Data in this exercise:

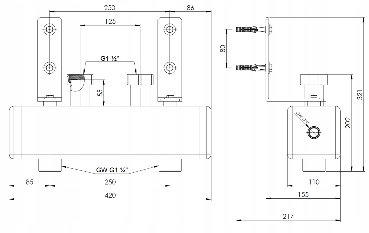 - З'єднання G1/2'' GW з боку муфти, призначене для монтажу зливного клапана або занурювальний рукав датчика температури. ul>
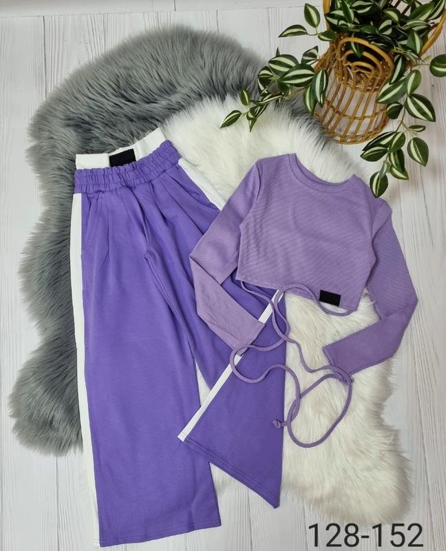 Симпатичный костюм для девочки Брюки палаццо двухнитка с высокой талией Очень стильно смотрится Топ мустанг рубчик, на зав’язках Качество отличное! 📍134-длина кофты 31, пог 32,рукав 49, длина брюк с учетом пояса 88, крок 60,пот 26 📍152-длина кофты 35, пог 36,рукав 55, длина брюк с учетом пояса 98, крок 68,пот 28 +-2см
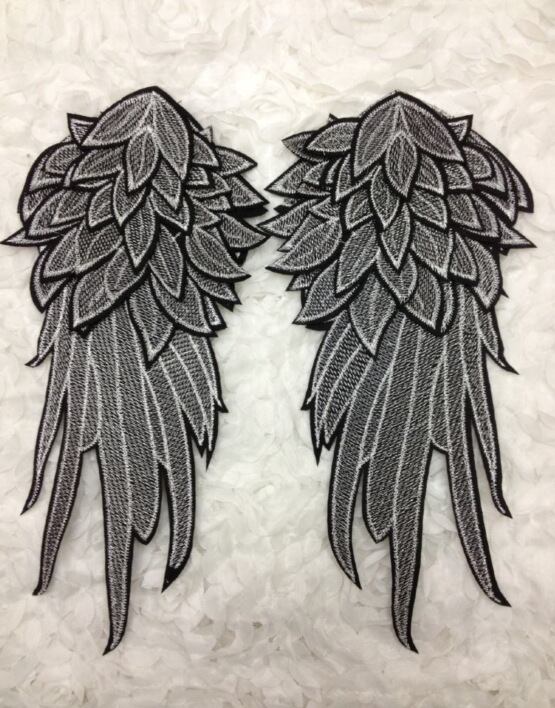 1 ペア天使の羽ホワイト ブラック シルバー刺繍レース パッチ ファッションショー モデリング diy服アクセサリー レース生地
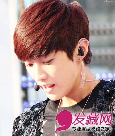 这款韩国男生发型中经典的蓬松的纹理烫短发发型,亮眼的酒红色染发时尚潮范儿,红色染发最显肤白,清新俊朗。
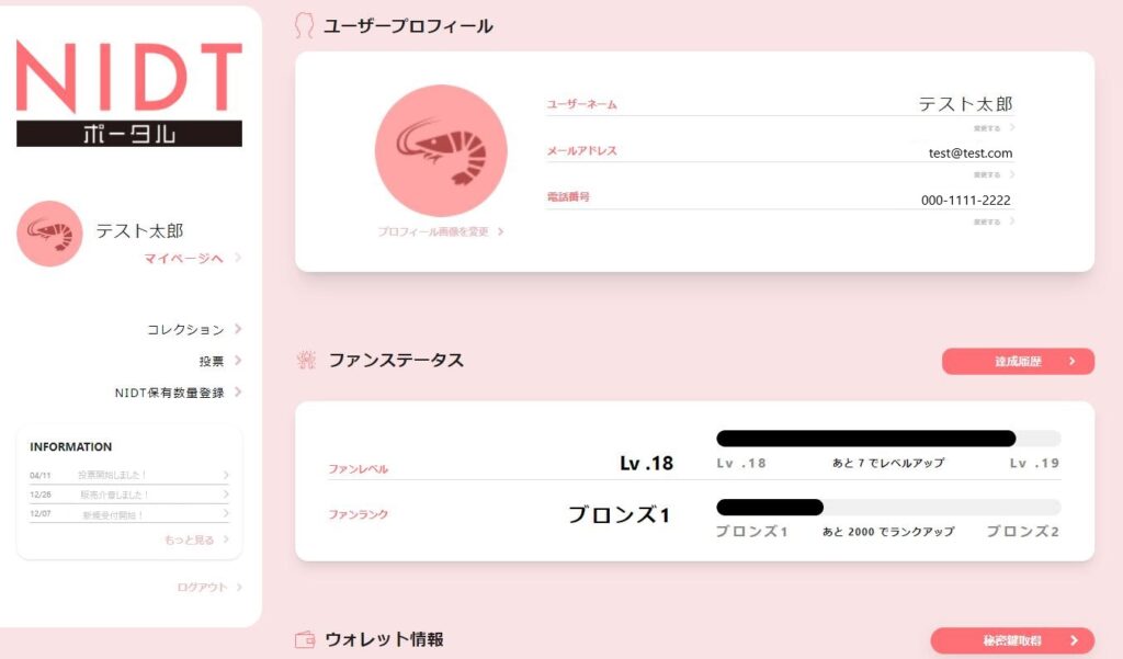 ❸NFTウォレットとNIDT保有トークン数
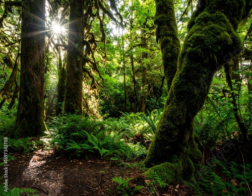 Fototapeta premium Lush forest floor bathed in sunlight (1)
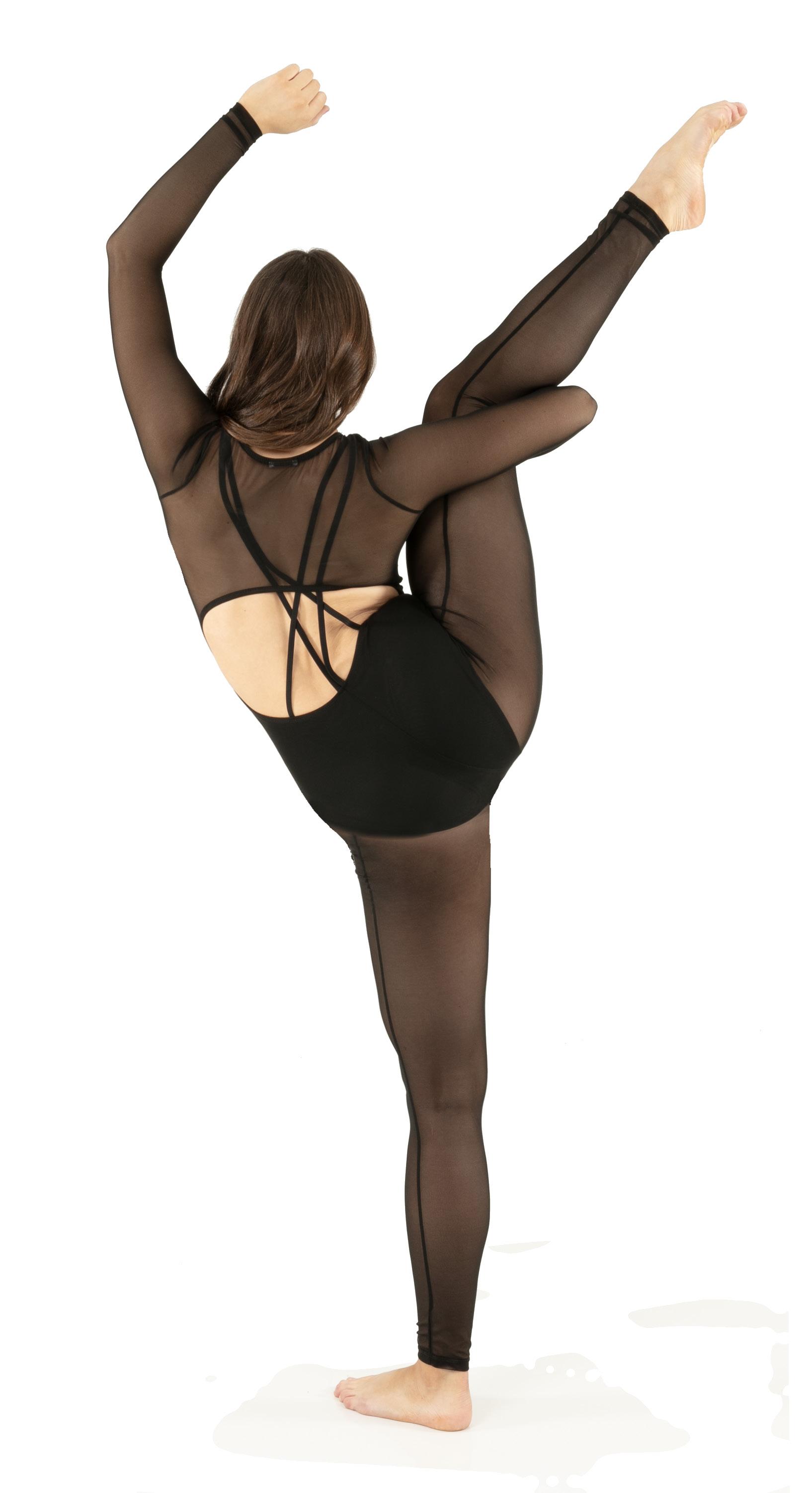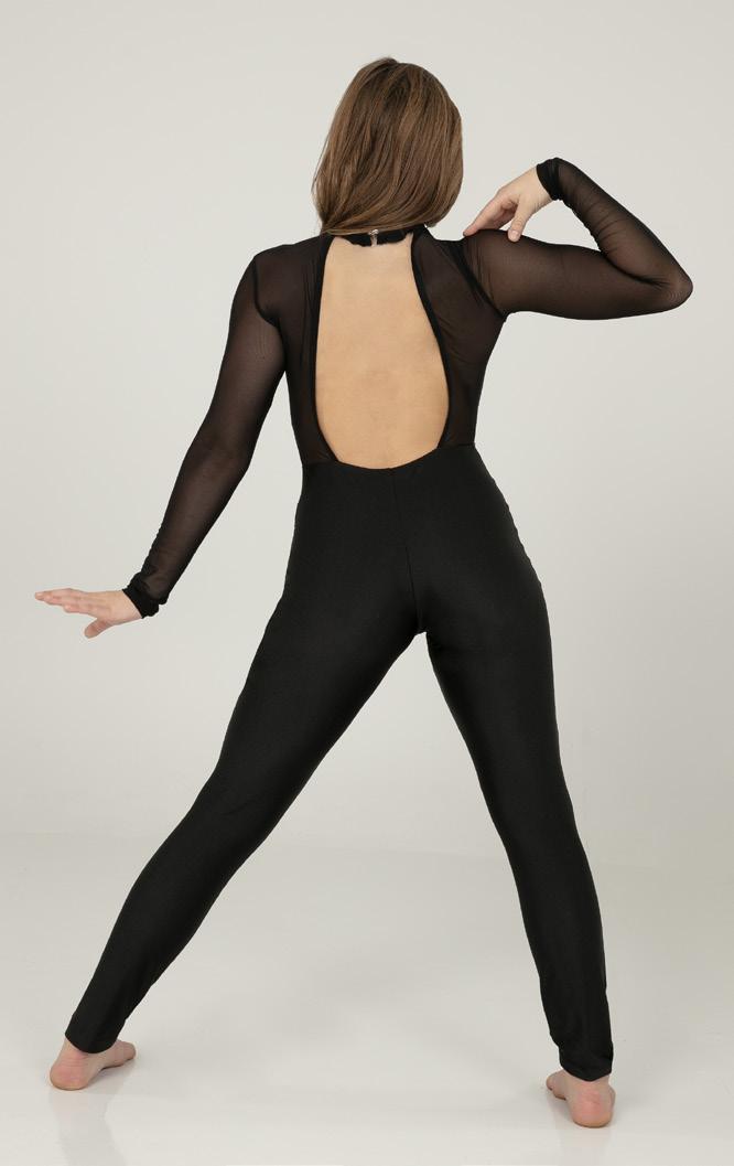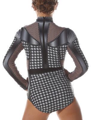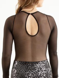 Alexandra. Sequin leotard with mocked raglan cut mesh sleeves with wider shoulder seams and an upper sequin back panel. Peek-a-boo lower mesh back panel. Front and back lined with binding along the neckline and leg opening. Center back zipper closure. Polyester, Nylon.

Problem statement:
Print nothing except the lines from the one with "这款韩国男生发型中经典的蓬松" through the last line of the listing, exactly as written and with pictures removed.

Exercise response:
 这款韩国男生发型中经典的蓬松的纹理烫短发发型,亮眼的酒红色染发时尚潮范儿,红色染发最显肤白,清新俊朗。
 ❸NFTウォレットとNIDT保有トークン数
 Fototapeta premium Lush forest floor bathed in sunlight (1)
 Alexandra. Sequin leotard with mocked raglan cut mesh sleeves with wider shoulder seams and an upper sequin back panel. Peek-a-boo lower mesh back panel. Front and back lined with binding along the neckline and leg opening. Center back zipper closure. Polyester, Nylon.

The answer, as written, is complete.